### Listed entries ###

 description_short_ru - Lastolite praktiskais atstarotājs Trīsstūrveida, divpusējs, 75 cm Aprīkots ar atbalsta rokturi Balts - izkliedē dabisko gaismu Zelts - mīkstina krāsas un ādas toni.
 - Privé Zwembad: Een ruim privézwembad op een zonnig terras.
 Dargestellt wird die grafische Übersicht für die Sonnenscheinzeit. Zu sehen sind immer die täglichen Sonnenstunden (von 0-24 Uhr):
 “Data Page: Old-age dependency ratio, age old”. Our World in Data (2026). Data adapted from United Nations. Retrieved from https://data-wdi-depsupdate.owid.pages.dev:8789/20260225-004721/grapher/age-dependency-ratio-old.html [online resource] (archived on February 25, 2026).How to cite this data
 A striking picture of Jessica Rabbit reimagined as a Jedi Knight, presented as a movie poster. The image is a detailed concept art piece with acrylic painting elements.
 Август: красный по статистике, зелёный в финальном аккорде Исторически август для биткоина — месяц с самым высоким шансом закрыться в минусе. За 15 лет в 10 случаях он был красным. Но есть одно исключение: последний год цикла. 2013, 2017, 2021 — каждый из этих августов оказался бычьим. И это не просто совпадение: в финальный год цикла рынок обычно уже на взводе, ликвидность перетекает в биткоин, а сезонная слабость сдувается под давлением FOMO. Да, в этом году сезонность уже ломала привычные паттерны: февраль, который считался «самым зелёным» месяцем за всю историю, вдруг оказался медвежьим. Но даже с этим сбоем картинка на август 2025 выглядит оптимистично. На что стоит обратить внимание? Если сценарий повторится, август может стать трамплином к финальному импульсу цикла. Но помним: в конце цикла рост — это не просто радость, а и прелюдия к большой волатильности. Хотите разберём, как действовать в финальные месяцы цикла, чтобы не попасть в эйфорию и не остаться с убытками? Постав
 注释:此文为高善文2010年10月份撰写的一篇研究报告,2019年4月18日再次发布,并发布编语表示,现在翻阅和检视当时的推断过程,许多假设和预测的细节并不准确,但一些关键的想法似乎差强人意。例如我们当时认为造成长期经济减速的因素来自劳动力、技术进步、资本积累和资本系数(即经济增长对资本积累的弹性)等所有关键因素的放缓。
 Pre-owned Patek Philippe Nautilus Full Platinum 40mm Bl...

###
### Listed entries ###

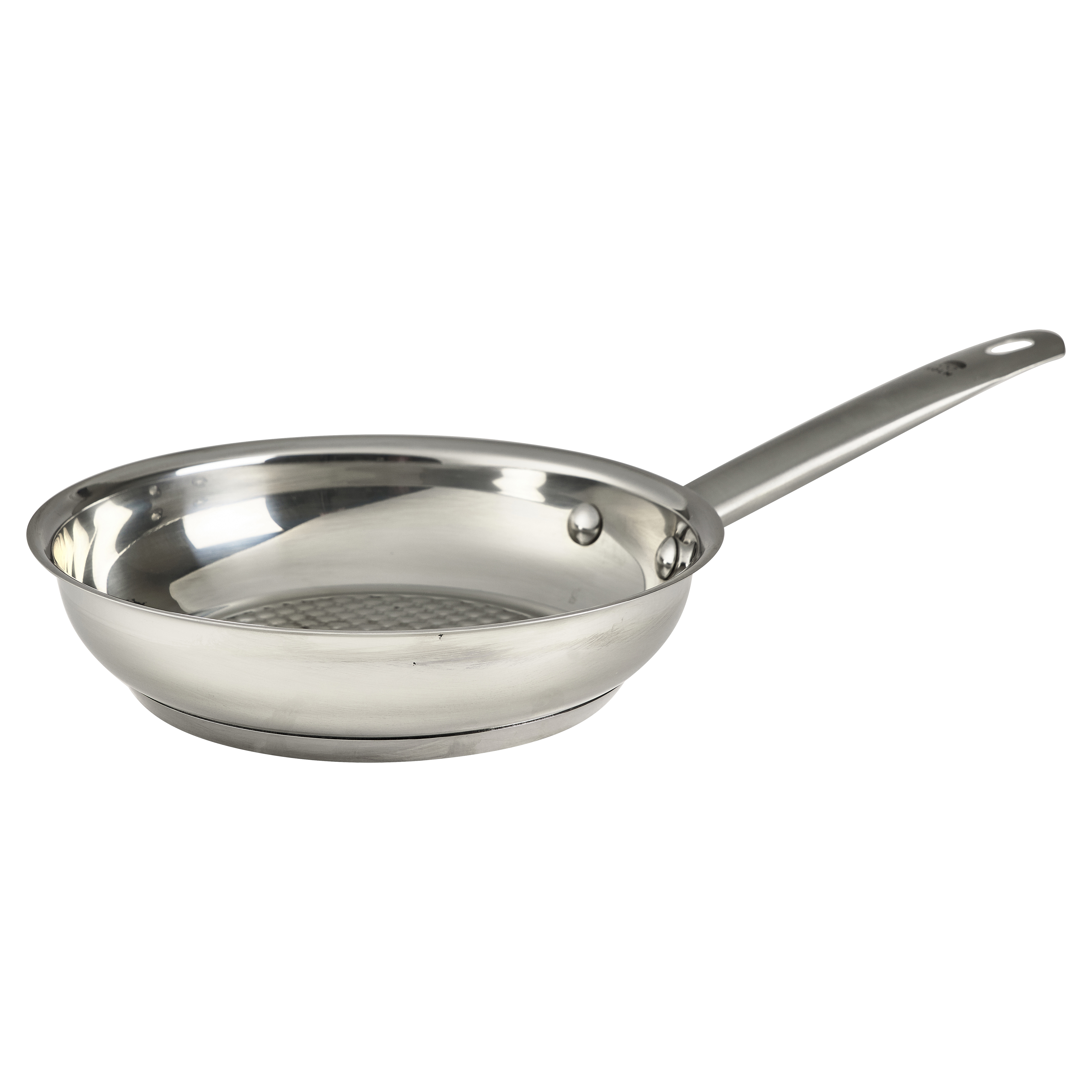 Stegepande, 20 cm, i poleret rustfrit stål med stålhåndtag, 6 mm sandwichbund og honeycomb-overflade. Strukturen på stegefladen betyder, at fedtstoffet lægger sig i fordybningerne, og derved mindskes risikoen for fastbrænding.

###
### Listed entries ###

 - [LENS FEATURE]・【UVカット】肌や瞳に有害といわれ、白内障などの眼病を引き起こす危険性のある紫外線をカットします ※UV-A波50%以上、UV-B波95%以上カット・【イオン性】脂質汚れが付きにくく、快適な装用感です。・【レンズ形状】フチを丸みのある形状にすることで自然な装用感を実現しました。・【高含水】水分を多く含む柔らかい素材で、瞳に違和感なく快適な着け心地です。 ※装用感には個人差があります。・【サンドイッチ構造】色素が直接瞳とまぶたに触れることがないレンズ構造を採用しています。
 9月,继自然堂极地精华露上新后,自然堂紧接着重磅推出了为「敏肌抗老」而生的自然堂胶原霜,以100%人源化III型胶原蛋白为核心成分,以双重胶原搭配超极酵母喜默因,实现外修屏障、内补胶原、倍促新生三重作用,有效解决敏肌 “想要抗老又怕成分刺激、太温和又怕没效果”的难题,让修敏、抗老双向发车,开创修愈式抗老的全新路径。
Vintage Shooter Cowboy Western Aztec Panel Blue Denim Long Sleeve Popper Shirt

###

- [Work required]
Everything from the line with "9月,继自然堂极地精华露上新" through the line with "Vintage Shooter Cowboy" in the listing above must be retyped exactly, with nothing added.

- [Written response]
 9月,继自然堂极地精华露上新后,自然堂紧接着重磅推出了为「敏肌抗老」而生的自然堂胶原霜,以100%人源化III型胶原蛋白为核心成分,以双重胶原搭配超极酵母喜默因,实现外修屏障、内补胶原、倍促新生三重作用,有效解决敏肌 “想要抗老又怕成分刺激、太温和又怕没效果”的难题,让修敏、抗老双向发车,开创修愈式抗老的全新路径。
Vintage Shooter Cowboy Western Aztec Panel Blue Denim Long Sleeve Popper Shirt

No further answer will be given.